Светлый фон

Дело в том, что Яновский (при всем уважении к исполнителю его роли Дмитрию Певцову) никогда не лечил Марию Дмитриевну – ее лечил зять Достоевского, муж его младшей сестры Веры доктор Александр Павлович Иванов, человек редкого мужества и благородства (он умрет, как тургеневский Базаров, как чеховский Дымов, от сепсиса, заразившись при операции).

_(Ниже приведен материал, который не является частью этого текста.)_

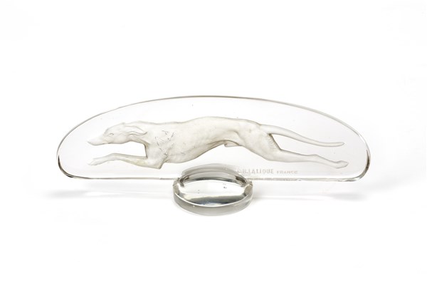 Car cap model "Lévrier". France, 20th century. Transparent colorless mold blown and etched glass. Stamped signature "R. LALIQUE FRANCE". (l 20 cm.)
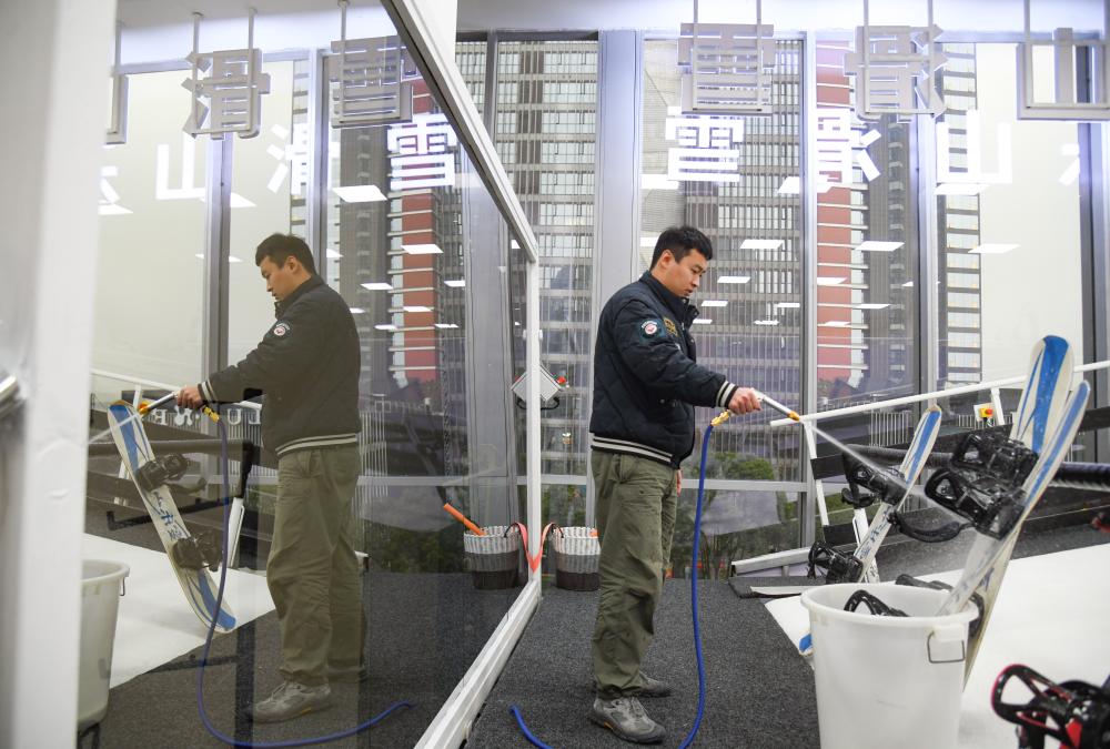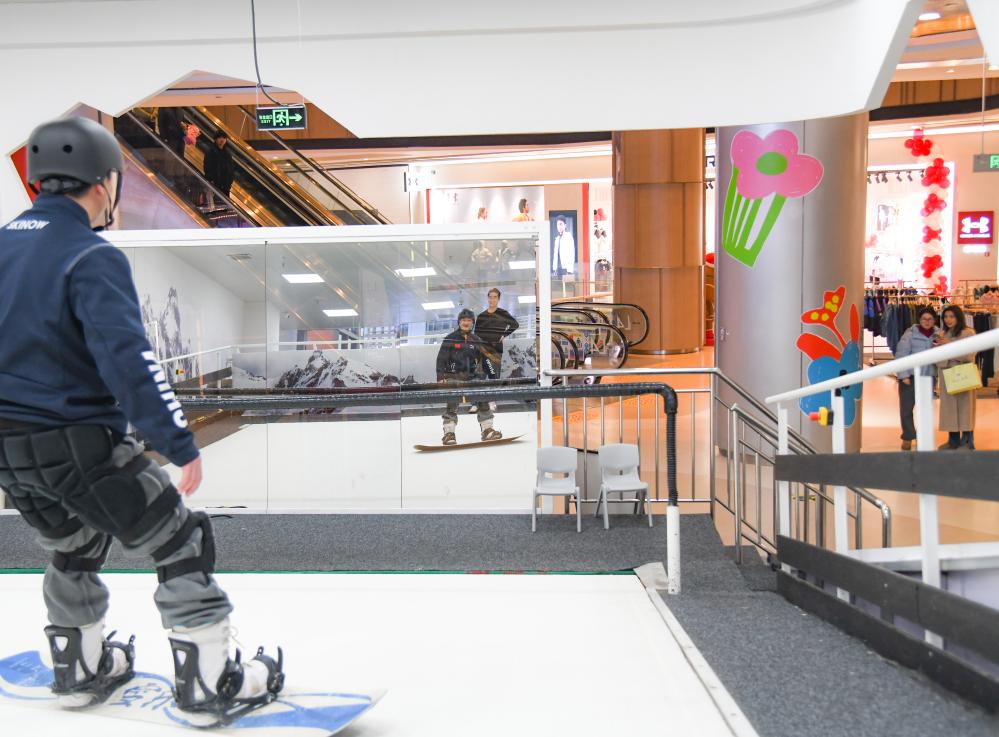 新华社成都1月22日电(记者王曦)临近春节,地处成都高新区的凯德天府商场人头攒动。在商场南侧的写字楼内,从事金融行业的宋杨结束上午的工作,趁着午休时间,步行5分钟来到商场4楼一家名为“雪乐山”的滑雪体验店“开练”。
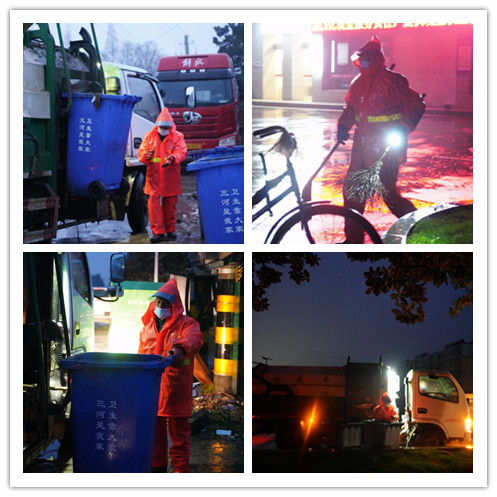 319日凌晨五點,三河街道兩側的垃圾轉運點,一閃一閃的車燈雙跳尤其亮眼,車燈,手電筒燈光,桔黃色的環衛衣交織成一道光的風景。

В сценарий доктор Иванов не поместился, да и не нужны были в этом сценарии люди истинно добрые и порядочные.

Спустя три года брак Шуберт и Яновского потерпит крах, но не Достоевский имел отношение к разрыву супругов, хотя фильм усиленно намекает на причастность Ф.М. к решению Александры Шуберт оставить обыкновенного, скучноватого мужа.

Водевильные решения любовных драм

Водевильные решения любовных драм

Писательские занятия Достоевского 1860-х годов, стремившегося вернуть себе имя после десяти лет отсутствия в литературе, обозначены в фильме бледными пунктирами. Сочинительство, литературные чтения, которые Достоевский и в самом деле очень любил, понадобились сериалу как приманка, как крючок, на который можно подцепить очередную жертву мужского любострастия. Достоевский-чтец собирал большие залы, и его глухой, будто надорванный голос был слышен в каждом уголке самых больших столичных аудиторий. Евгений Миронов долго искал и таки нашел похожий тембр голоса.

Но как расходуется в фильме выдающийся талант и мастерство артиста? Ему поручено читать монолог крайнего циника и эгоиста старшего князя Валковского («Униженные и оскорбленные»): «Я люблю значение, чин, отель; огромную ставку в карты… Но главное, главное – женщины… и женщины во всех видах; я даже люблю потаенный, темный разврат, постраннее и оригинальнее, даже немножко с грязнотцой для разнообразия!..» (3: 365).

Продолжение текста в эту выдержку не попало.